I'm trying to use RHadoop on AWS EMR to tackle some data analysis using the rmr2 mapreduce. I've been able to get things working, but when I run in "hadoop" mode (versus "local") it actually slows down slightly. It's as if its ignoring the slave nodes, or at least just running on one node, which makes it slower than the local mode, presumably due to the added overhead.
To simulate my analysis, I wrote a standalone benchmark.R program (below). Basically it creates 25 groups of xy data, and then runs calculations on each group. I expect rmr2 to divide the map jobs across the 5 slaves (but I don't think that's happening. I don't have a reduce task.
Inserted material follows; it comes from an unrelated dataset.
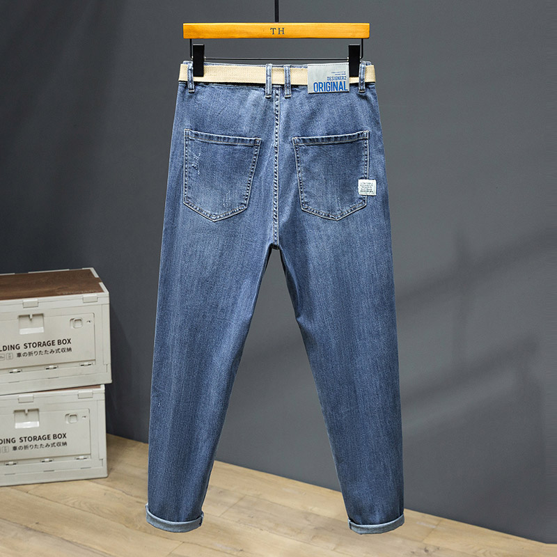 春夏薄牛仔裤大码新弹力九分裤加肥加大宽松直筒牛仔裤男肥佬潮

Running the full set of calculations in serial ("local") takes about 7 minutes on an AWS m3.xlarge instance:
I'm starting the RHadoop cluster with this command via the CLI (bucket name and keypair removed):
aws emr create-cluster --ami-version 3.2.1 --instance-groups InstanceGroupType=MASTER,InstanceCount=1,InstanceType=m3.xlarge instanceGroupType=CORE,InstanceCount=5,InstanceType=m3.xlarge --bootstrap-actions Path=s3://<BUCKET_NAME>/setup/emR_bootstrap.sh,Name=CustomAction,Args=[--rstudio,--rexamples,--plyrmr,--rhdfs] --steps Name=HDFS_tmp_permission,Jar=s3://elasticmapreduce/libs/script-runner/script-runner.jar,Args=s3://<BUCKET_NAME>/setup/hdfs_permission.sh --region us-west-1 --ec2-attributes KeyName=<KEYPAIR>,AvailabilityZone=us-west-1a --no-auto-terminate --name emR-example
#######################
modes <- c("local", "hadoop")
# to run:
# benchmark( modes )
###################
Sys.setenv(HADOOP_CMD="/home/hadoop/bin/hadoop")
Sys.setenv(HADOOP_STREAMING="/home/hadoop/contrib/streaming/hadoop-streaming.jar")
Sys.setenv(JAVA_HOME="/usr/java/latest/jre")
library(rmr2);
N.id <- 25
N.xy <- 100000
set.seed(2015)
data <- data.frame( x=rnorm(N.id * N.xy), y=rnorm(N.id * N.xy), id=rep(1:N.id, each=N.xy))
map.fun <- function(k, v) {
for (id in v) {
xy <- data[ id==id, ]
xy$len <- with(xy, sqrt( x^2 + y^2))
xy$bearing <- with(xy, atan(y / x))
xy.names <- colnames(xy)
calcs <- paste0("calc", 1:8)
for (calc in calcs) xy <- cbind(xy, atan2(xy[ ,length(xy)-1], xy[ ,length(xy)]))
colnames(xy) <- c(xy.names, calcs)
}
keyval("head(xy)", head(xy)) #head to insure from.dfs won't choke
}
benchmark <- function( modes ) {
if (length(modes) <= 0 ) return("modes is empty")
benchmark.times <- numeric()
for (mode in modes) {
rmr.options(backend=mode)
p1 <- proc.time()
out <- mapreduce(
input = to.dfs( 1:N.id ),
map = map.fun,
combine = TRUE
)
p2 <- proc.time()
benchmark.times <- c( benchmark.times, (p2-p1)[3] )
print(values(from.dfs(out)))
print( sprintf("%s mode finished in %8.1f seconds", mode, (p2-p1)[3]))
}
names(benchmark.times) <- modes
barplot(benchmark.times, ylab="Time (sec)")
}